Port of Spain, Aug 14: Chris Gayle seems to have walked into the sunset after playing a typical aggressive knock that led West Indies to 158 for two in 22 overs against India before rain halted the third and final ODI here on Wednesday.
The weather continued to play havoc in this tour of India as the rain forced two interruptions after the hosts elected to bat in the match, which they need to win to level the series.
Gayle came out with a clear plan to attack the Indian bowlers, making the most of what appeared his swan-song innings for his country.
Whether it was Bhuvneshwar Kumar, Mohammed Shami or Khaleel Ahmed no Indian pacer was spared with Gayle hammering them for sixes with remarkable ease.
Spinner Yuzvendra Chahal was the only bowler who commanded some respect from the West Indian marauder.
The left-handed opener the self proclaimed Universe boss punished the Indian bowlers with five sixes and eight shots to the fence in his entertaining 72-run knock.

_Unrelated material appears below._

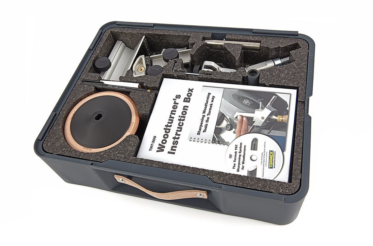 TNT-808 Kit voor Houtdraaier – Deze kit bevat alles wat je nodig hebt om al je draaigereedschap te vormen en te slijpen, inclusief twee gepatenteerde mallen, die voor drie in te zetten zijn, een lederen hoonwiel, een serieuze instructie en de gewaardeerde Turning Tool Setter. Dit alles wordt geleverd in de Tormek-koffer met opberglade om al je mallen veilig op te bergen. De Tormek-koffer houdt je mallen en accessoires georganiseerd en is makkelijk te dragen dankzij de premium lederen handgreep. De behuizing is gemaakt van hoogwaardige materialen met een verschuifbaar deksel dat alles op zijn plaats houdt. Meegeleverde mallen en accessoires: Turning Tool Setter. Gutsen mal. Multifunctionele mal – bestaat uit een behuizing en twee uitwisselbare houders. Gereedschapssteun. Geprofileerd lederen hoornwiel. Instructieboek met DVD. Machine hoes.

He added 115 runs with fellow opener Evin Lewis, who was equally impressive with his 29-ball 43 which was laced with five fours and three sixes.
It was Chahal who brought some relief for the Indian camp by dismissing Lewis and soon Gayle too departed by hitting one straight to rival captain Virat Kohli at mid-off.

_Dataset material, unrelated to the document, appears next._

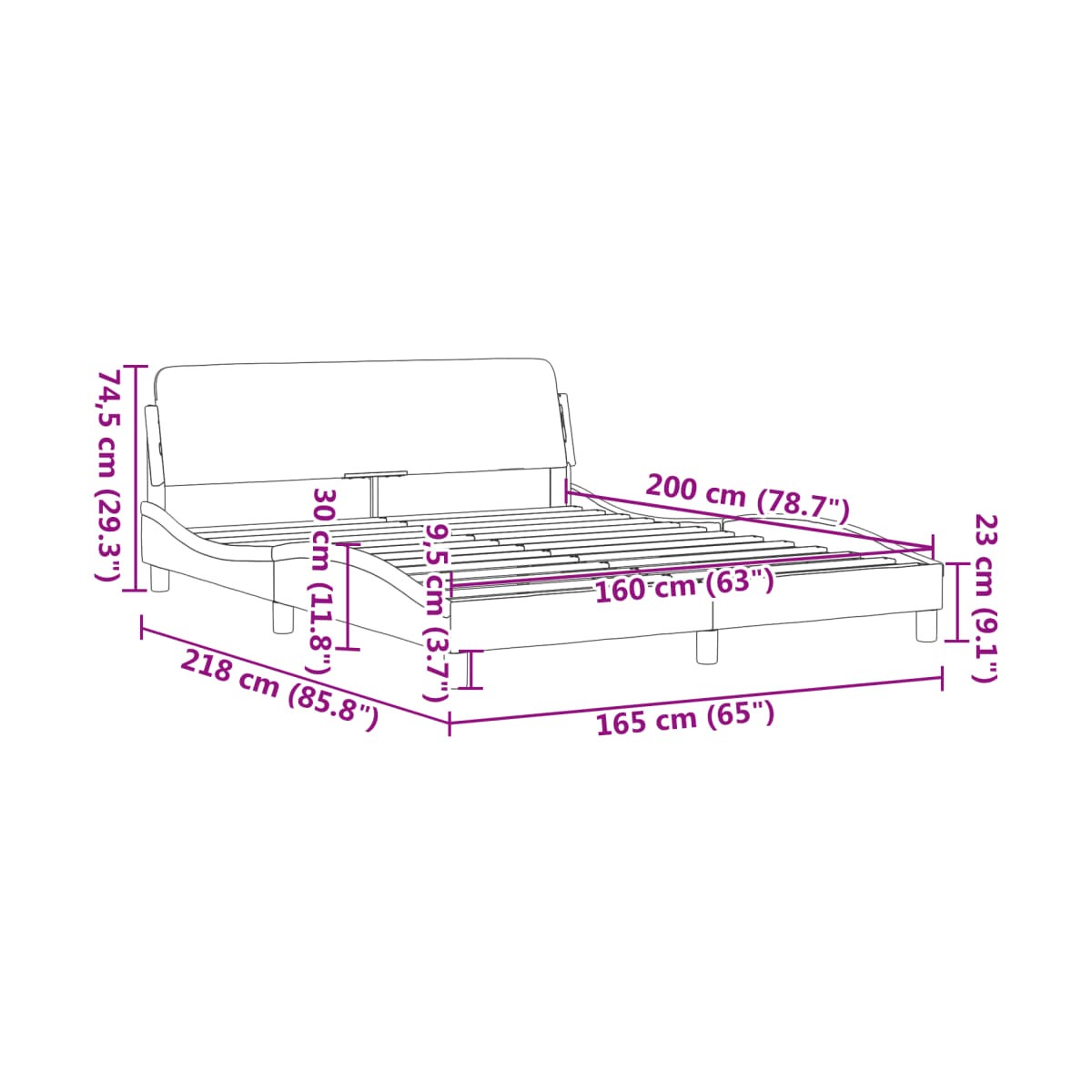 - Tamaño de colchón compatible: 160 x 200 cm (ancho x largo) (colchón no incluido)

Soon after his dismissal, the Indian players rushed towards Gayle, shaking hands with him. Kohli even did Gayle typical jig before the burly West Indian walked off.
Gayle, in his inimitable style, put his helmet on the top of his bat's handle and lifted the bat in the air while walking off. Near the boundary ropes, he hurled the helmet in the air only to catch it back.
Brief Scores:
West Indies: 158 for 2 in 22 overs. (Chris Gayle 72, E Lewis 43; Y Chahal 1/21, K Ahmed 1/43).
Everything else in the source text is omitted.